- Born: November 7, 1985 (age 40) Baton Rouge, Louisiana, U.S.
- Education: Washington and Lee University

= Kaylee Hartung =

American NBC News journalist (born 1985)

Kaylee Hartung (born 1985) is an American broadcaster. Born in Baton Rouge, Louisiana, she has served as a contributor for CBS News, ESPN, CNN, ABC News, and NBC Sports. In July 2022, she was announced as the sideline reporter for Thursday Night Football on Amazon Prime Video.

==Early life==
Hartung was born in Baton Rouge, Louisiana. Her father, Joe, served as a pilot in the Royal Netherlands Air Force, then moved to the United States and started an aviation company. He died in a plane crash in May 1996 while performing at an air show. Hartung, who witnessed the crash with her mother and brother, stated that the manner in which the crash was covered in the news inspired her to pursue a career in journalism to better tell others' stories.

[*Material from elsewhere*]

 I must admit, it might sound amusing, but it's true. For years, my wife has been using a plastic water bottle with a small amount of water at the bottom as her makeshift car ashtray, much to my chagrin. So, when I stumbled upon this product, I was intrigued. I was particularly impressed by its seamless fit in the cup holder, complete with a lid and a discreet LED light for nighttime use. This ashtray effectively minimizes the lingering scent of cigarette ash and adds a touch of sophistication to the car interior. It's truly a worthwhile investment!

Hartung graduated from Episcopal High School in 2003. She earned Bachelor of Arts degrees in journalism and politics from Washington and Lee University, graduating in 2007.

==Career==

Hartung was a CBSNews.com reporter on the daily Washington Unplugged program and featured correspondent for Unplugged Under 40. Following a summer internship with NBC, she began her career as an assistant to Bob Schieffer, which led to an associate producer position on Face the Nation.

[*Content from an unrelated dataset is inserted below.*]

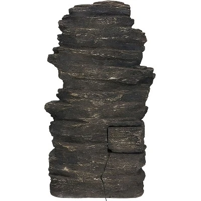 • EASY TO USE: The patio water fountain requires no plumbing and can plug into any standard electrical outlet for easy set up. It includes an electric submersible pump and LED lights that will illuminate your outdoor rock fountain in the evening.

Hartung then worked at ESPN, serving in particular as a correspondent for Longhorn Network and SEC Network. In 2017, Hartung was hired by CNN. In 2019, Hartung left CNN and joined ABC News as a correspondent.

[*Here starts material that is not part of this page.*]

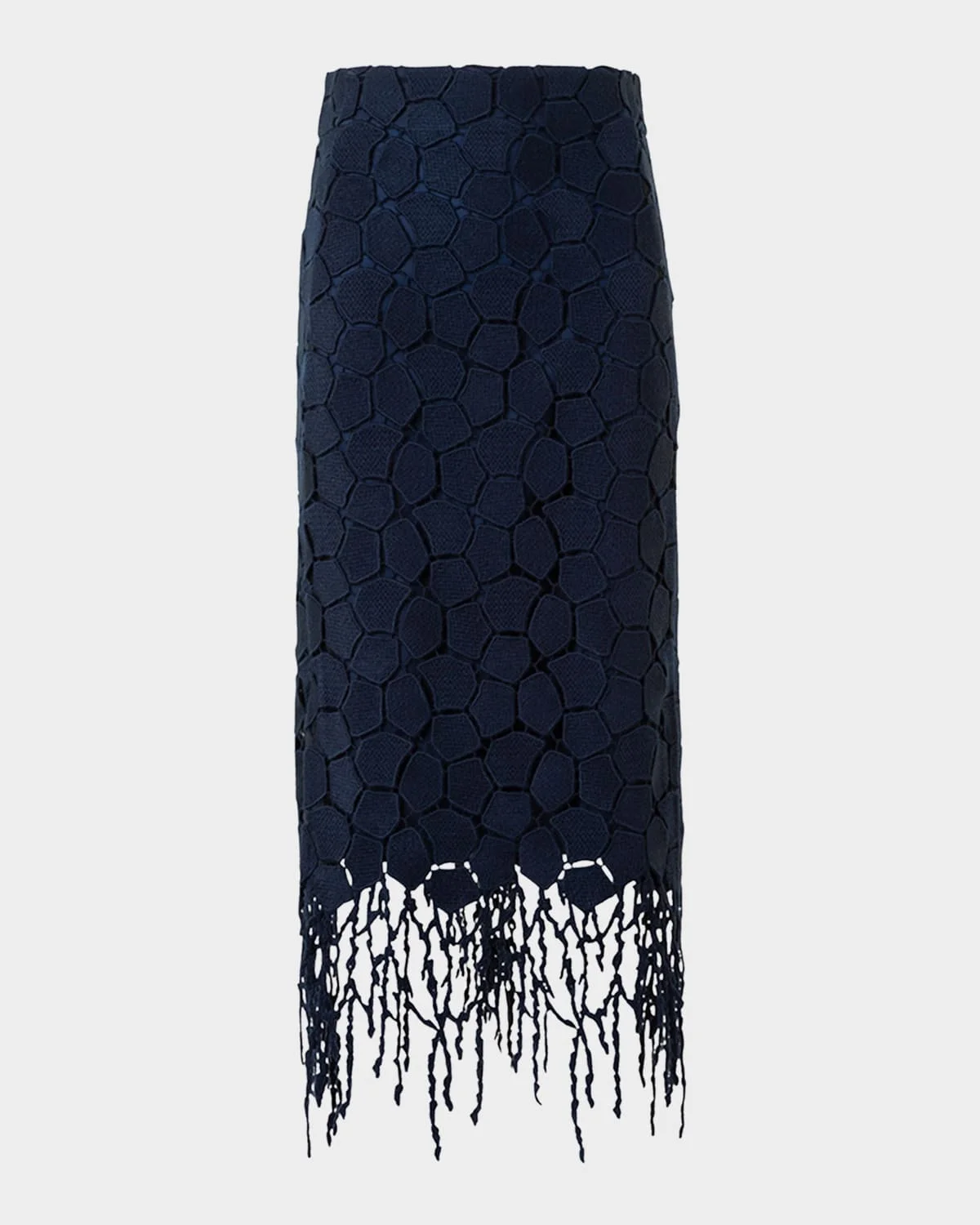 Broken Stone Guipure Fringed Midi Pencil Skirt

In July 2022, Amazon announced that Hartung would return to sports broadcasting as a sideline reporter for Thursday Night Football.

In January 2023, Hartung joined NBC News' The Today Show as a national correspondent. Hartung also joined NBC Sports' NFL Wild Card Weekend with Al Michaels and Tony Dungy. The next year, she joined NBC Sports' NFL playoff coverage permanently.